> Task item
The entries that follow must be given again exactly, with the pictures excluded.

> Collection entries
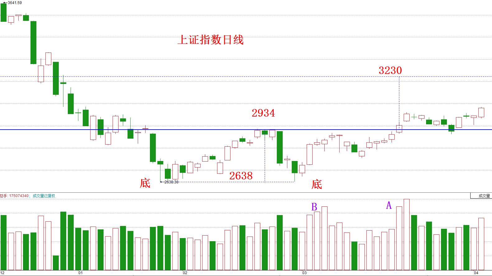 先说主板。在昨天的股市前瞻中,姚尧提到:“ 从中线角度而言,只要2934点不被有效跌破,我们依然可以将涨幅目标位设在3230点。然而周五又是拉尾盘,且日线上的成交量亦未能放大,短线上必须要有一根放量阳线来表明气势。”今天,上证指数算是收出了一根放量阳线,如下图所示:
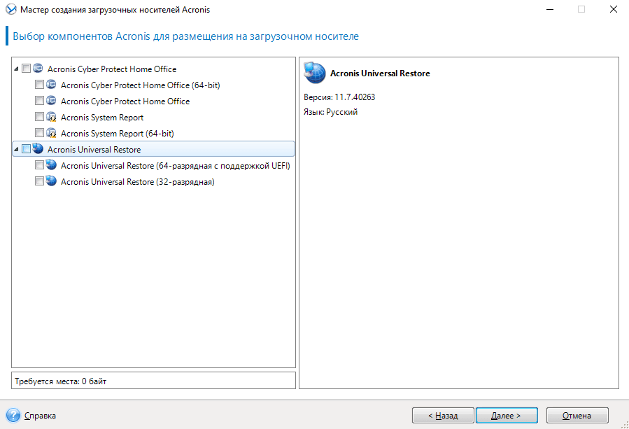 Если программа Acronis Cyber Protect Home Office установлена на компьютере, ее можно также поместить на носитель. В этом случае у вас будет единый загрузочный носитель, содержащий оба компонента, необходимых для восстановления на отличающемся оборудовании.
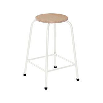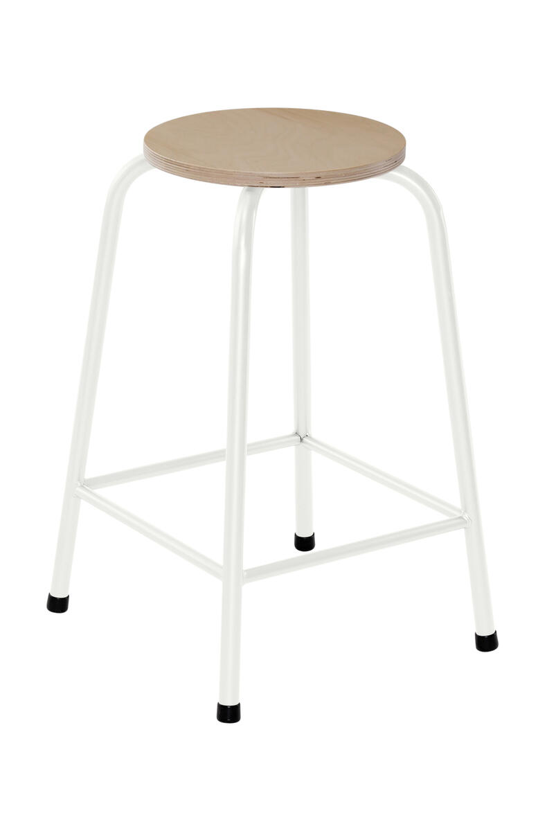 Stapelbar. Sitsdiameter 29 cm och tjocklek 1,7 cm. Vitt stativ. Sits i björkkryssfaner.
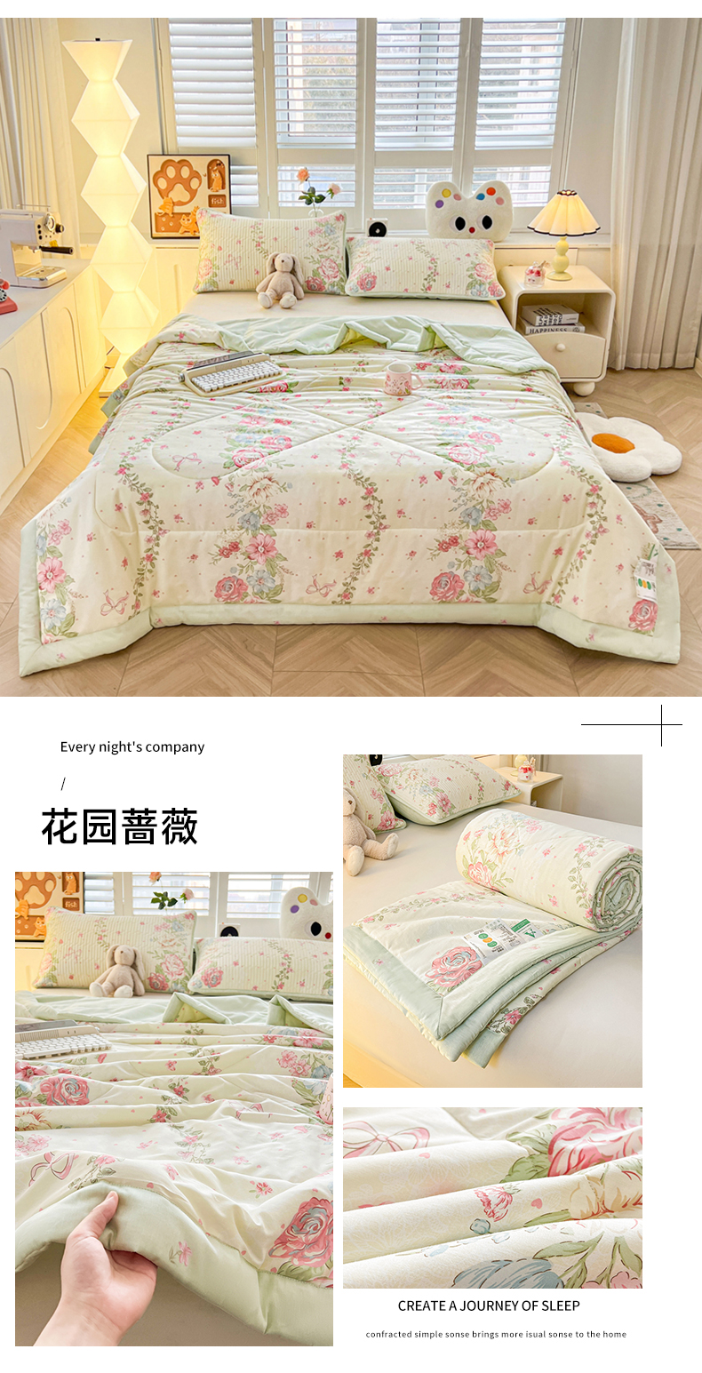 雅萱家纺 2025新款全棉夏被套件 花园蔷薇
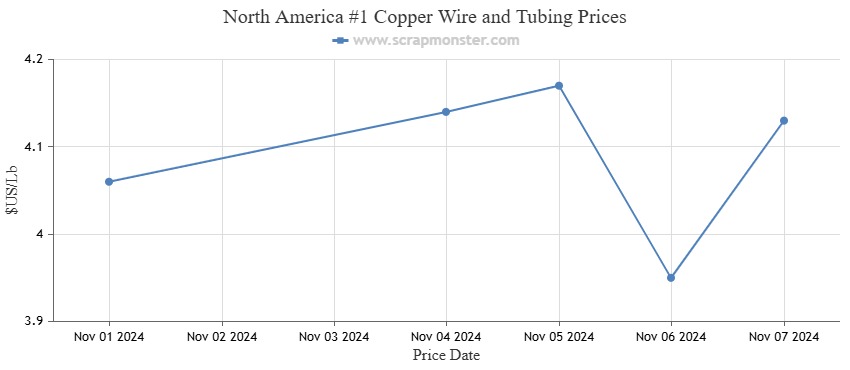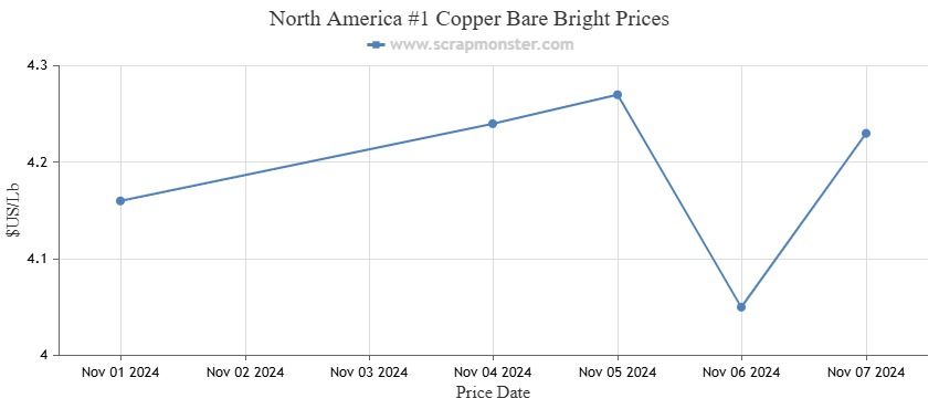 The price of #1 Copper Bare Bright on the ScrapMonster Index increased from $4.16 to $4.23 per pound on Thursday, November 7, 2024, a week-over-week increase of 1.68%. Over the course of the week, the price of #1 Copper Wire and Tubing went up from $4.06 to $4.13 per pound. The cost of #2 Copper Wire and Tubing increased by 1.77% to $4.03 per pound by the end of the week.
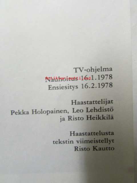 | Saatavilla | 1 kpl | | Julkaisuvuosi | 1979 | | Sivuja | 92 | | Kunto | K3 | | Sidonta/painoasu | Sidottu (kansipaperit) | | ISBN | 951-0-09418-8 | | Kielet | Suomi |
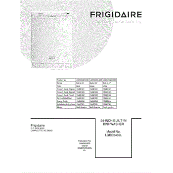 Parts for Frigidaire LGBD2432LW0B: 01 - Cover Parts
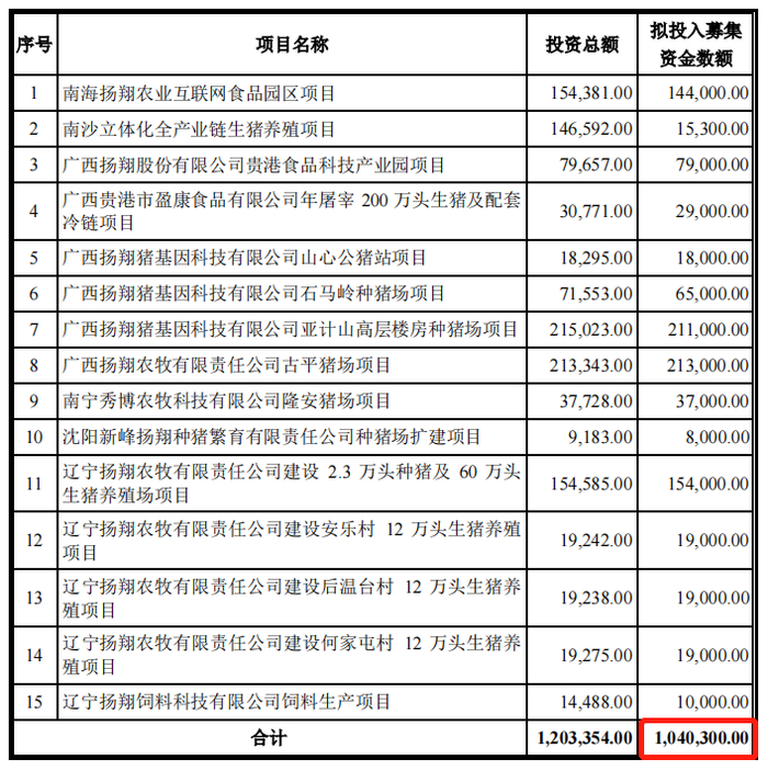 扬翔股份此次IPO计划发行不超过1.48亿股、募资104.03亿元,共计投向15个项目的建设,其中多个项目涉及到生猪养殖产能扩产。

> Written solution
 先说主板。在昨天的股市前瞻中,姚尧提到:“ 从中线角度而言,只要2934点不被有效跌破,我们依然可以将涨幅目标位设在3230点。然而周五又是拉尾盘,且日线上的成交量亦未能放大,短线上必须要有一根放量阳线来表明气势。”今天,上证指数算是收出了一根放量阳线,如下图所示:
 Если программа Acronis Cyber Protect Home Office установлена на компьютере, ее можно также поместить на носитель. В этом случае у вас будет единый загрузочный носитель, содержащий оба компонента, необходимых для восстановления на отличающемся оборудовании.
 Stapelbar. Sitsdiameter 29 cm och tjocklek 1,7 cm. Vitt stativ. Sits i björkkryssfaner.
 雅萱家纺 2025新款全棉夏被套件 花园蔷薇
 The price of #1 Copper Bare Bright on the ScrapMonster Index increased from $4.16 to $4.23 per pound on Thursday, November 7, 2024, a week-over-week increase of 1.68%. Over the course of the week, the price of #1 Copper Wire and Tubing went up from $4.06 to $4.13 per pound. The cost of #2 Copper Wire and Tubing increased by 1.77% to $4.03 per pound by the end of the week.
 | Saatavilla | 1 kpl | | Julkaisuvuosi | 1979 | | Sivuja | 92 | | Kunto | K3 | | Sidonta/painoasu | Sidottu (kansipaperit) | | ISBN | 951-0-09418-8 | | Kielet | Suomi |
 Parts for Frigidaire LGBD2432LW0B: 01 - Cover Parts
 扬翔股份此次IPO计划发行不超过1.48亿股、募资104.03亿元,共计投向15个项目的建设,其中多个项目涉及到生猪养殖产能扩产。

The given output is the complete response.